他人のために自己の所有不動産を譲渡担保に供した者は、被担保債権の消滅により利益を受ける点で、物上保証人と異ならないため、当事者として被担保債権の消滅時効を援用することができます。(最判昭和42.10.27)

仮登記担保権(借金の担保として債務者の不動産に「売買予約」や「代物弁済予約」を原因とする所有権移転請求権仮登記)の設定された不動産を取得した第三者は、実質的に担保権の登記と変わらないため、その被担保債権の消滅時効を援用することができます。(最判昭和60.11.26)

後順位抵当権者は、先順位抵当権の被担保債権が消滅したことにより、自らの順位が上がって配当額が増加することが期待できますが、この配当額の増加は、順位の上昇によってもたらされる反射的利益にすぎないため、後順位抵当権者は、先順位抵当権者の被担保債権の消滅時効を援用することはできません。(最判平成11.10.21)

被相続人の占有により取得時効が完成した場合において、その共同相続人のひとりは、全部を自己が取得する旨の遺産分割協議が成立した等の事情がない限り、自己の相続分を限度超えて取得時効を援用することはできません。(最判平成13.7.10)

 

 

民法 時効 その1

民法138条~ 時効

 

・期間の計算の通則(138条)

期間の計算方法は、法令・裁判上の命令・法律行為に別段の定めがある場合を除いて、この章(138~143条)の規定に従います。

 

判例(138条)

消滅時効の起算点は、初日を算入しません。(大判昭和6.6.9)

 

・期間の計算(140条)

日、週、年によって期間を定めたときは、期間の初日は算入しません。ただし、午前0時から始まるときは、初日を算入します。

 

判例(140条)

民法724条(不法行為による損害賠償請求権の消滅時効)所定の3年の時効期間についても、被害者又はその法定代理人が損害及び加害者を知った時が午前0時でない限り、初日は算入しません。(最判昭和57.10.19)

 

・時効の効力(144条)

時効の効力は、その起算日にさかのぼります。

ここでいう起算日は、時効を数え始める日です。消滅時効であれば、起算日までさかのぼるとそれまでの債務が利息や遅延損害金も含めてなかったことになりますし、取得時効であれば、起算日以降の目的物の果実も時効取得者に帰属します。

 

判例(144条)

取得時効を援用する者が任意にその起算日を選択し、時効完成の時期を早めたり遅らせたりすることは許されません。(最判昭和35.7.27)

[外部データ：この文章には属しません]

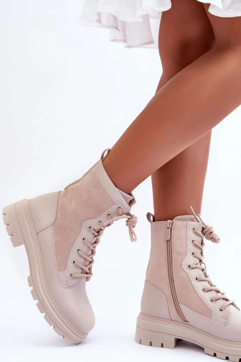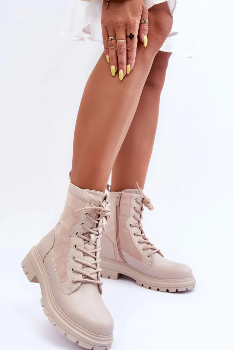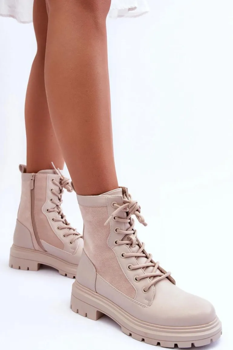 Damskie Workery Botki Skórzane Jasnobeżowe Faustina

=取得時効に必要な期間継続して占有があった場合でも、取得時効成立日以降に登記を経由した第三者には対抗できないのに対し、第三者が登記をした後に取得時効が成立すれば、登記なくして当該第三者に対抗できます。しかし、取得時効を援用する者が取得時効の起算日を自由に動かすことができてしまうと、第三者の権利関係が不安定になってしまうため、取得時効の基礎となる事実が発生した時を起算点として時効完成の時期を確定させなければなりません。

民法 条件及び期限 その2

民法131条~ 条件及び期限

 

・既成条件(131条)

条件が法律行為のときにすでに成就していた場合、その法律行為は、停止条件の場合は無条件、解除条件の場合は無効です。

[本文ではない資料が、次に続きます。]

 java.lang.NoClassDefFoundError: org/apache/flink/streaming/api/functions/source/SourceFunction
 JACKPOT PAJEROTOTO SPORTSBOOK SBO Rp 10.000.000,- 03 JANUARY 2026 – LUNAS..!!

条件が法律行為のときに成就しないことが確定していた場合、その法律行為は、停止条件の場合は無効、解除条件の場合は無条件です。

 

・不法条件(132条)

不法な条件を付した法律行為は無効です。不法行為をしないことを条件とする法律行為も無効です。

ex)「Aさんを殺したら、100万円をあげる。」=無効。

 

不能条件(133条)

達成不可能な条件を付した法律行為は、停止条件であれば無効、解除条件であれば無条件です。

ex)「富士山を素手沖縄県に持っていったら、100万円をあげる。」=無効。

 

・随意条件(134条)

停止条件付法律行為は、その条件が単に債務者の意思のみに係るときは、無効です。

ex)「気が向いたら100万円をあげる。」=無効。

 

判例(134条)

解除条件付法律行為は、条件が単に債務者の意思のみに係るものであっても、無効とはなりません。(最判昭和35.5.19)

 

・期限の到来の効果(135条)

法律行為に始期を付したときは、期限の到来までその履行を請求できません。

法律行為に終期を付したときは、期限の到来によって、効力は消滅します。

 

・期限の利益及びその放棄(136条)

期限は、債務者の利益のために定めたものと推定されます。期限の利益を放棄することはできますが、それによって相手方の利益を害することはできません。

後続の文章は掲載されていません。